After the surgery, you may feel some pain and discomfort which is manageable by taking medications. The pain level is higher in the first 12 hours after the surgery and gradually subsides in a few days. The catheter may cause some sudden pain in the lower abdomen and pubic area which are “bladder spasms” and are managed by taking Ditropan or Detrol.
3. How is the recovery process?
the patients often recover quickly. However, it may take weeks for swelling to disappear. Tight underwear and scrotal support can help limit swelling. You should use ice packs in the first 24 hours to accelerate the healing process. It is recommended to clean the catheter daily with soap and water and put antibiotic ointment at the penis opening. You can begin showering after 2 to 3 days. Bathing is not recommended in the first week after surgery.
Limit your activities until the wounds are healed which takes about 2 weeks. Refrain from heavy lifting and long walks. It is suggested to take 3 to 4 weeks off work especially if your job demands physical activities.
4. How long is the surgery?
The surgery can take 2 to 5 hours to complete but normally it takes about 3 hours.
5. Does urethroplasty have any effects on my sexual activity?

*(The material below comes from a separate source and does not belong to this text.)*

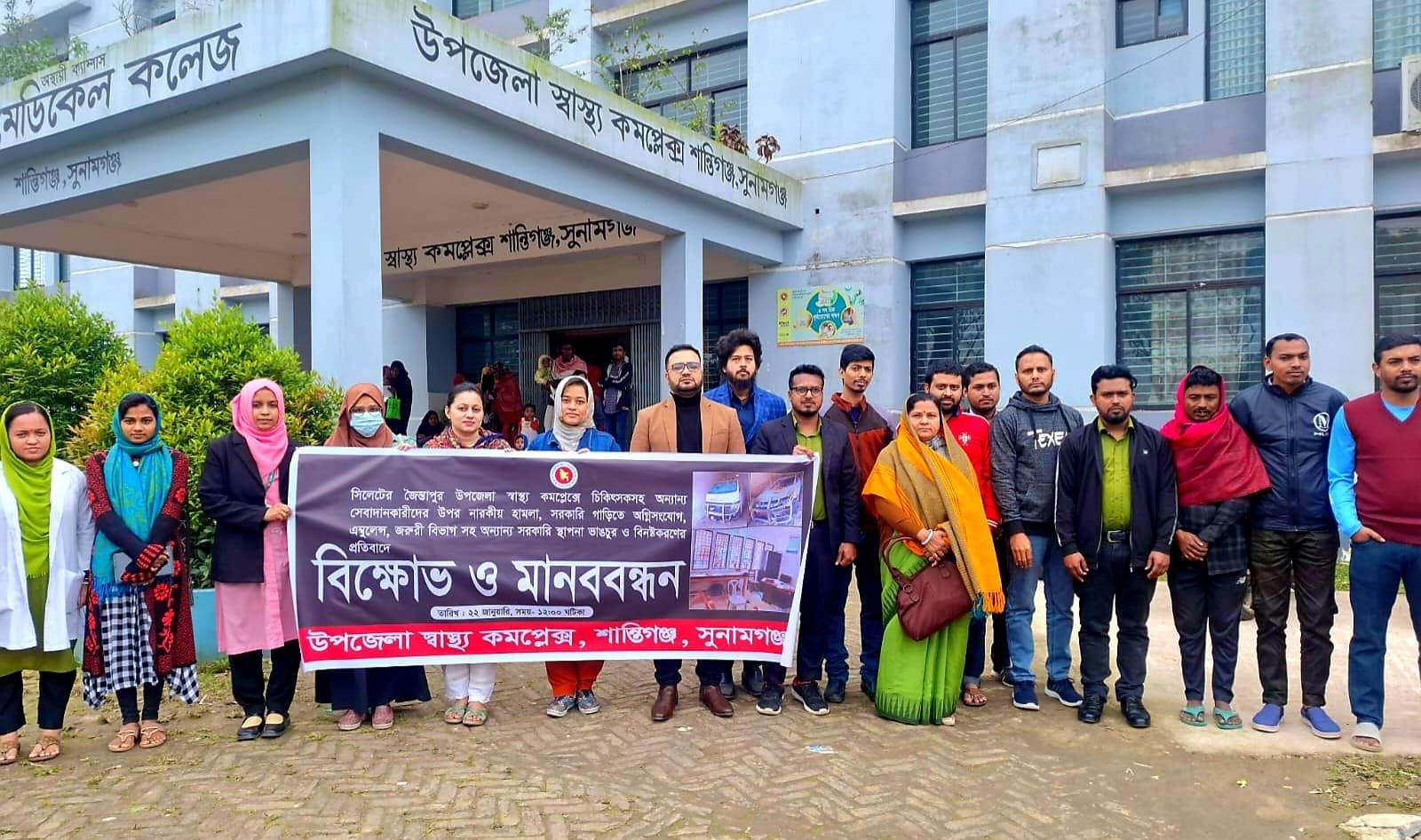 শান্তিগঞ্জে চিকিৎসক- কর্মচারীদের বিক্ষোভ ও মানববন্ধন
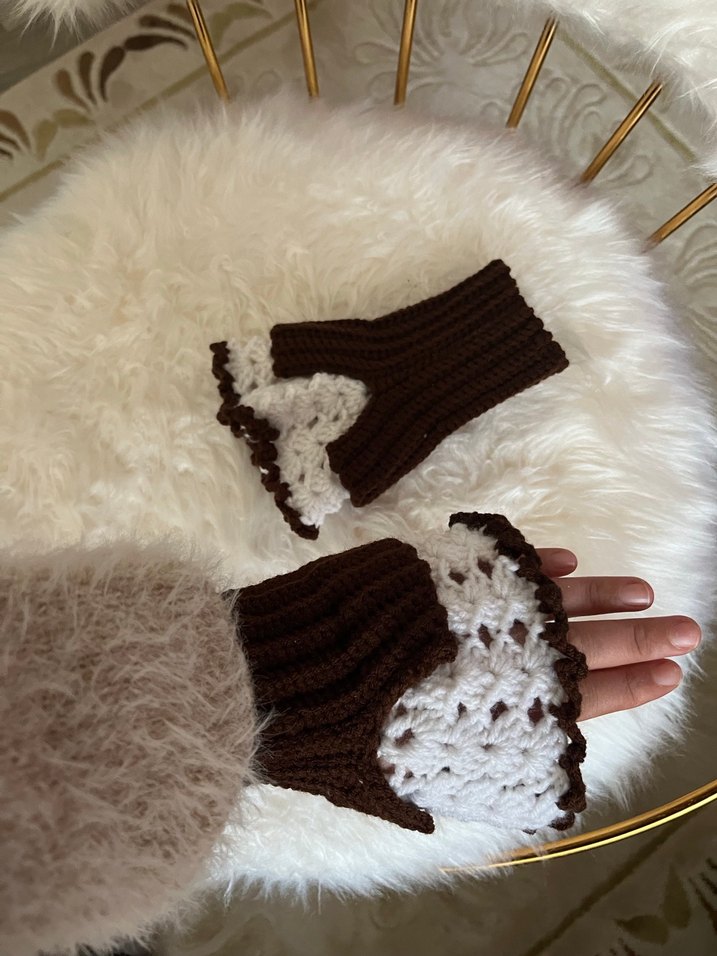 Kahverengi örgü eldivenler, dantel detaylıdır ve yarım parmak yapısıyla bohem ve retro tarzı sunar. Serin havalar için rahat ve sıcaktır. Sipariş üzerine yapılır

Generally, patients don’t have trouble in this area. The patients can start their sexual activities after the swelling and catheter are removed. In rare cases, psychogenic factors and damages to the cavernous nerve, perineal nerve, and bulbar artery may cause erectile dysfunction. In older men, the surgery decreases erectile dysfunction. Overall, if the surgery is performed by an experienced and up to date surgeon, the risk of damage to nerves is very low.
6. What happens if I get erections while the catheter is in?
Generally, the erection will not cause any damage to the tissues or compromise the outcome of the surgery. In addition, most of the patients lose their erection as soon as they feel pain. However, if your erections are painful and wake you up from sleep, your doctor will prescribe medications to suppress the erections.
7. Will the strictures come back after surgery?
The urethroplasty success rate is over 95%. However. If the stricture returns, it is thin and like a web. These scars can be obstructive but can be managed by the urethrotomy technique. These scars respond well to internal cutting and aren’t similar to initial strictures that are very damaged.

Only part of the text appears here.